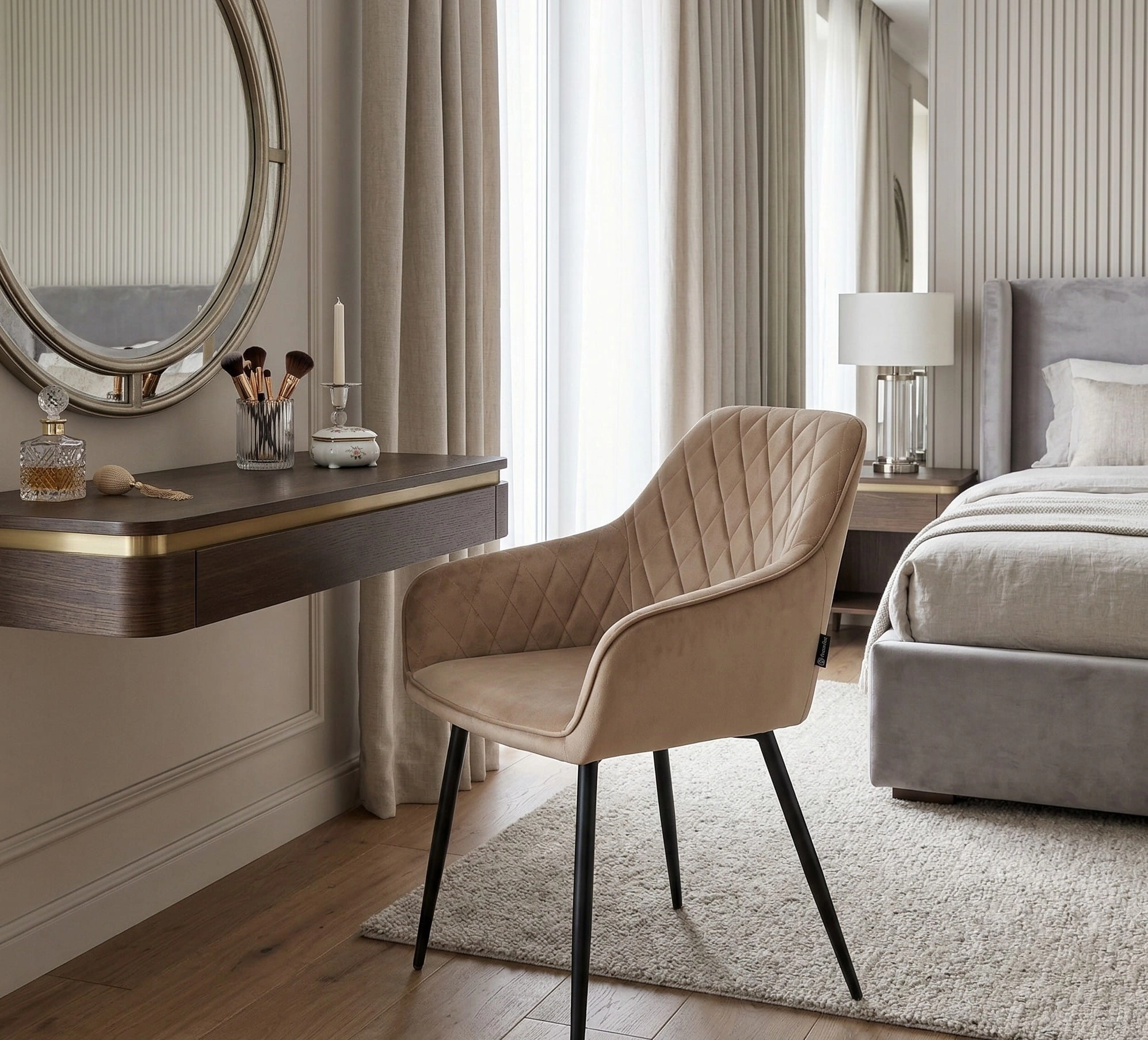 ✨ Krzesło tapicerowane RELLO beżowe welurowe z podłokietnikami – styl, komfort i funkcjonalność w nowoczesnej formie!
════════════════════
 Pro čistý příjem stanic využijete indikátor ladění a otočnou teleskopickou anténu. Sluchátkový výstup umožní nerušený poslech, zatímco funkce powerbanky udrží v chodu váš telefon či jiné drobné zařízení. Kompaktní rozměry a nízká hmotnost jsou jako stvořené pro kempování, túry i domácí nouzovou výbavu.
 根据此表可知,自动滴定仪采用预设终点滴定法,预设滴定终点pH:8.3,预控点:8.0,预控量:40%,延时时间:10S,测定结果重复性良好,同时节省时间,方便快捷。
════════════════════
## WHAT YOU WILL DO
Reproduce the lines above, beginning at the line with "Pro čistý příjem" and stopping after the line with "根据此表可知,自动滴定仪采用", exactly as they are.

## WRITTEN SOLUTION
 Pro čistý příjem stanic využijete indikátor ladění a otočnou teleskopickou anténu. Sluchátkový výstup umožní nerušený poslech, zatímco funkce powerbanky udrží v chodu váš telefon či jiné drobné zařízení. Kompaktní rozměry a nízká hmotnost jsou jako stvořené pro kempování, túry i domácí nouzovou výbavu.
 根据此表可知,自动滴定仪采用预设终点滴定法,预设滴定终点pH:8.3,预控点:8.0,预控量:40%,延时时间:10S,测定结果重复性良好,同时节省时间,方便快捷。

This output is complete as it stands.